Personal life
- Born: 7 December 1933 Dera Ghazi Khan District, British India (now Pakistan)
- Died: 15 May 2018 (aged 84) Lahore, Punjab, Pakistan
- Children: 3 sons, 3 daughters
- Main interest(s): Hadith studies
- Notable work(s): Al-Khair al-Jari in Sahih al-Bukhari
- Education: Jamia Khair al-Madaris, Jamia Ashrafia
- Occupation: Islamic scholar, author, Sheikh al-Hadith

Religious life
- Religion: Islam
- Denomination: Sunni

= Sufi Muhammad Sarwar =

Pakistani Islamic scholar

Sufi Muhammad Sarwar ((مولانا صوفی محمد سرور) 7 December 1933 – 15 May 2018) was a Pakistani Islamic scholar, author and Sheikh al-Hadith at Jamia Ashrafia. He studied at Jamia Khair al-Madaris and Jamia Ashrafia.
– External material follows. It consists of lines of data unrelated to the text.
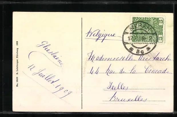 alte Ansichtskarte, gelaufen 1909, Stempelspur, guter Zustand
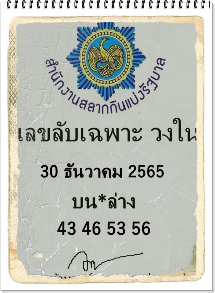 เลขลับเฉพาะวงใน งวดวันที่ 30 ธันวาคม 2565
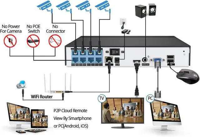 [ Plug & Play ] A real plug and play network video recorder! It features POE (Power over Ethernet), with a single network cable connecting each of your IP cameras to the NVR for both power supply and video signal transmission. Dowload the App to instantly access live viewing and playback.
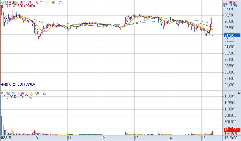 오늘 신규상장 첫날인 샌즈랩은 장중 따상에 성공하는 듯 보였으나 상한가인 27,300원을 찍고 내려왔습니다.
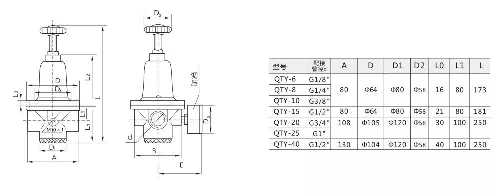QTYH : Régulateur haute pression (haute pression), capable de gérer une pression d'entrée plus élevée, adapté aux sources d'air haute pression ou aux applications industrielles spéciales.
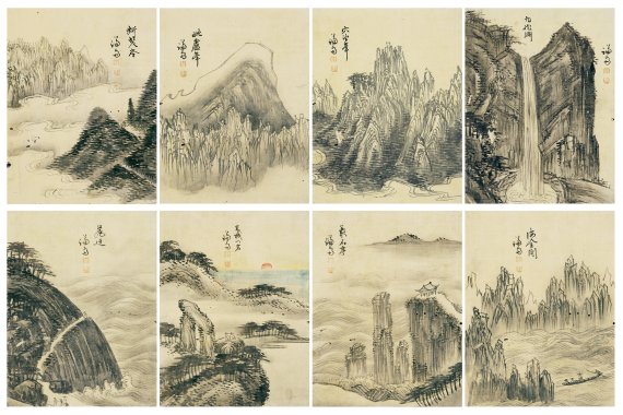수묵으로 그린 진경산수화 8점은 '단발령', '비로봉', '혈망봉', '구룡연', '옹천', '고성 문암', '총석정', '해금강' 순서로 구성돼 있고, 특히 주목되는 점은 보물 제1949호인 겸재의 1747년작 '해악전신첩'에는 없는 특정 경관 5폭, '비로봉', '혈망봉', '구룡연', '옹천', '해금강'이 추가돼 있어 겸재의 더욱 다양한 진경산수의 진수를 확인할 수 있다.

== Early life and education ==
Sarwar was born on 7 December 1933 in Dera Ghazi Khan district. After 10th grade, he started his religious education from Jamia Ashrafia founder Mufti Muhammad Hasan. And then studied religious books in Jamia Khair Madaris Multan of Khair Muhammad Jalandhri. Then he enrolled in the course of Hadith in Jamia Ashrafia Lahore and graduated successfully. After which he studied for some time in Karachi under Grand Mufti of Pakistan Mufti Muhammad Shafi.
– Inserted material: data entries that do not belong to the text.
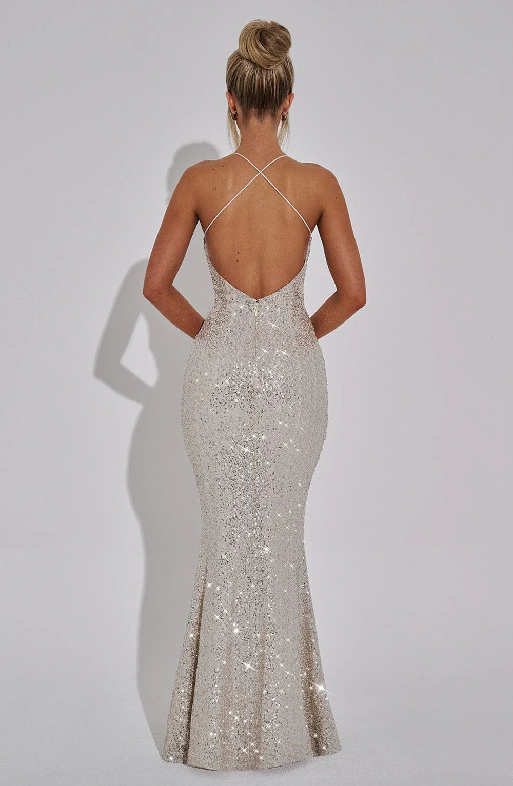 Shine like champagne in our Meridith Maxi Dress. The luxury textured sequin fabric hugs your body while the fit and flare skirt adds movement. The elasticated spaghetti straps and scoop neckline offer comfort, and the detachable bow adds an unexpected touch. Perfect for any special occasion.
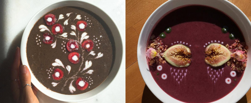 Sori直接在蔬果昔上面作畫,用自由奔放的筆觸畫出一碗碗療癒人心又充滿營養的早點!Sori平常就會練習各種手寫字與曼陀羅畫作,他藉機將自己的藝術天分與食物做結合,創作出一碗碗獨一無二的蔬果昔,因此可以看到他的作品中大多帶有禪意。
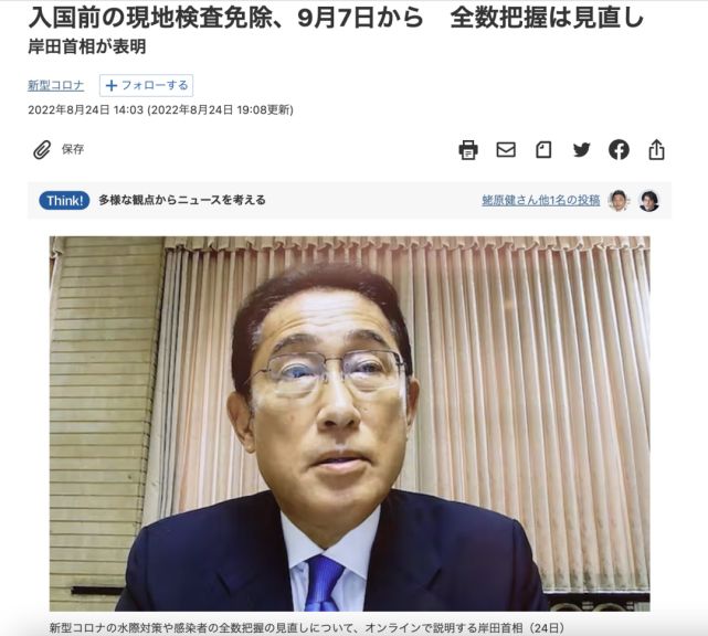 就入境政策,岸田文雄表示:从9月7日开始,提供三针新冠疫苗接种证明的入境者不再需要提供入境前72小时核酸阴性报告。

After graduating from Aalimiyyat, he spent three years at Jamia Khair al-Madaris Multan and ten years at Darul Uloom Eidgah Kabirwala, taught books on Hadith and other sciences and arts in Jamia Ashrafia Lahore. He started the famous book Abu Dawud then Bukhari Sharif, while he taught Ashraf Ali Thanvi's Malfuzat every day after Asr prayer till his death.

== Literary works ==
He is the author of several books. including;

- Al-Khair al-Jari in Sahih al-Bukhari (2001)
- Ilm-o-Amal (Science and practice)

== Death ==
He died on 15 May 2018 in Lahore after a brief illness and was buried in Sher Shah Cemetery Lahore.

Then Punjab Chief Minister Shahbaz Sharif, Jamiat Ulema-e-Islam Central Emir Maulana Fazlur Rehman, JUI Secretary General Abdul Ghafoor Haidari, JUI Deputy Secretary General Maulana Muhammad Amjad Khan, Federal Minister Akram Khan Durrani, Maulana Ataur Rahman, Hafiz Hussain Ahmed, Muhammad Aslam Ghori and others have mourned over his death and said that Maulana Sufi Muhammad Sarwar's religious, teaching and social services will be remembered for a long time.